You don't go around shoving people off their posts and attacking their ways of life without making enemies. And we made some big enemies - most of them in the Middle East. A large part of it is our continued support for unpopular and brutal regimes, like the current leaders in Saudi Arabia, Bahrain, and at one time, the Shah of Iran, Gaddafi, and Sadam Hussein. These enemies made a new face for use to attack - a faceless one. It fit perfectly with our vision of being a global police force, exporting freedoms while becoming ever more authoritarian at home.

Along came a spider. That spider bit, and that bit hurt. It bit more than once.

And all of a sudden, we developed an intense arachnophobia. We've been conditioned to accept authority from the beginning - it's human nature, it was natural during the Cold War, and now, it was the first place we looked. After 9/11, the approval ratings shot upwards for the President, even though Bush was never more of an idiot than in the moments after 9/11, when he had a chance to shine but failed utterly. Faux patriotism built up a mythology around 9/11 - a sacred American cow that you could never ever criticize - and we internalized that mythology and realized that were in danger. So we turned to the authority in our lives for security and support. And being authority, they were more than happy to oblige.

What started with police militarization in a war against drugs to try and keep the "norm" and stability for the White population has morphed into an intense fear, and rather than the White majority selling off the freedoms and rights of other ethnic groups, it's turned into the White majority selling off everyone's rights and freedoms.

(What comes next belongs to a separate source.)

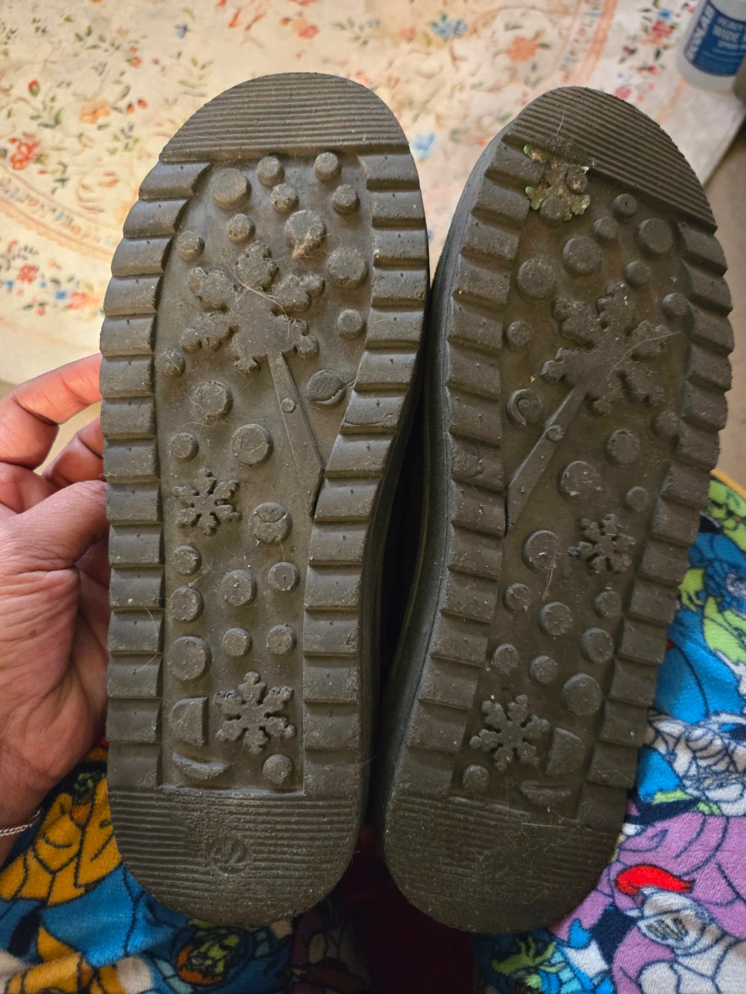Cozy black winter boots featuring a plush faux fur trim around the collar. These boots have a durable, slip-resistant sole with a snowflake pattern. They're designed for warmth and comfort in cold weather.
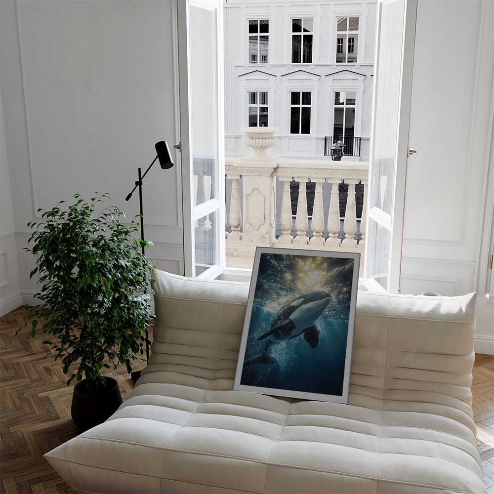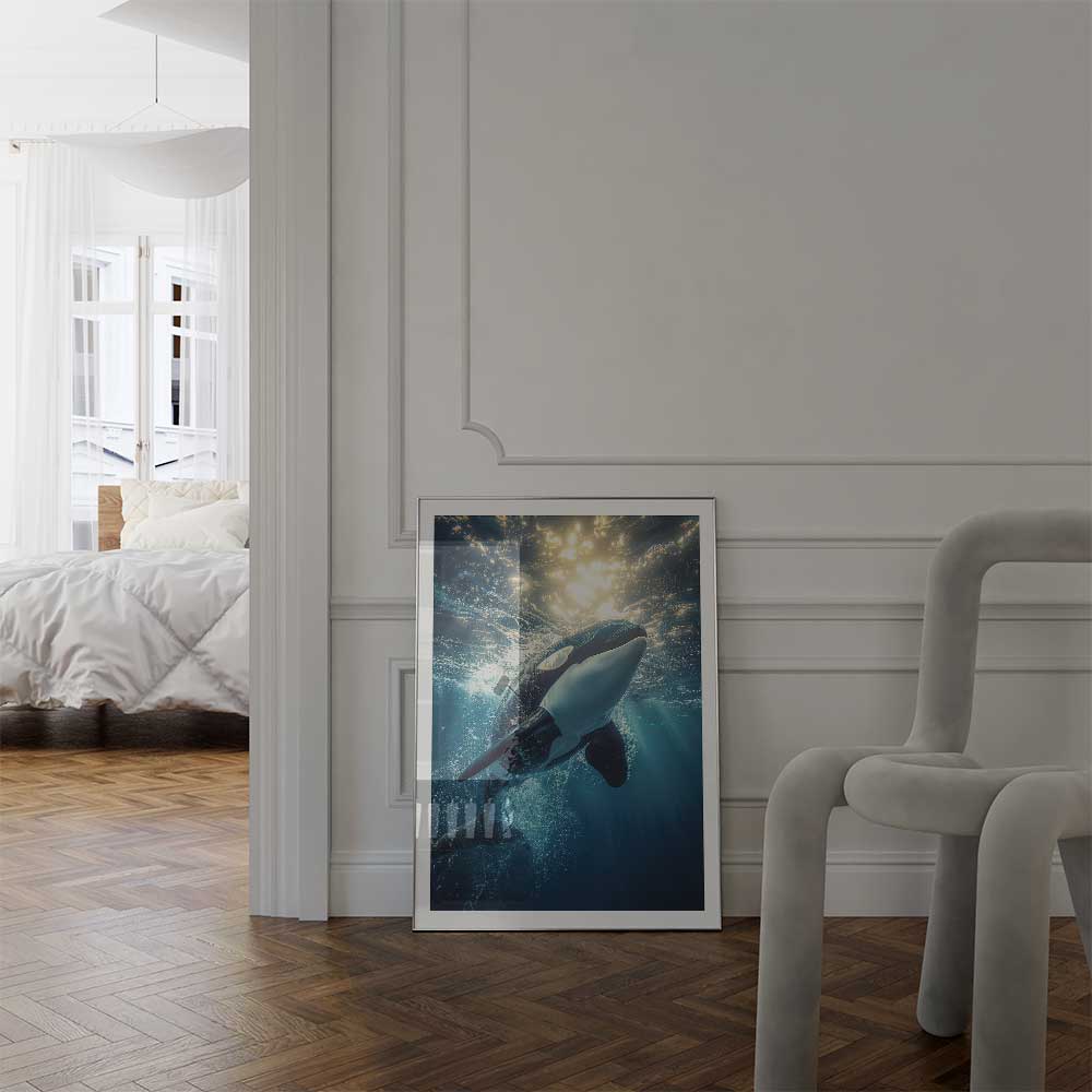Discover the serene beauty of Scotland’s coast with this captivating wall print of an orca, gracefully swimming through its natural habitat.

The War on Drugs began the change of the police into a military. The War on Terror turned the military into the police. Anymore, there's no difference between the two. The PATRIOT act, the illegal wire tapping, the stymied attempts for government transparency in the name of "national security" - these are outcroppings of the War on Drugs. If I didn't know any better, I'd call the War on Drugs a proto-War on Terror. Almost all of the problems we have today, including the fact that we're now living in a full-blown police state without any doubt, can be traced back to that. And hold on tight kids, because it's only going to get rougher from here.

I laugh every time I hear someone say they "hate us for our freedoms." I think that's pretty well and truly debunked by now. But if that's the case, the place we're heading in the near future should take us out of the clear.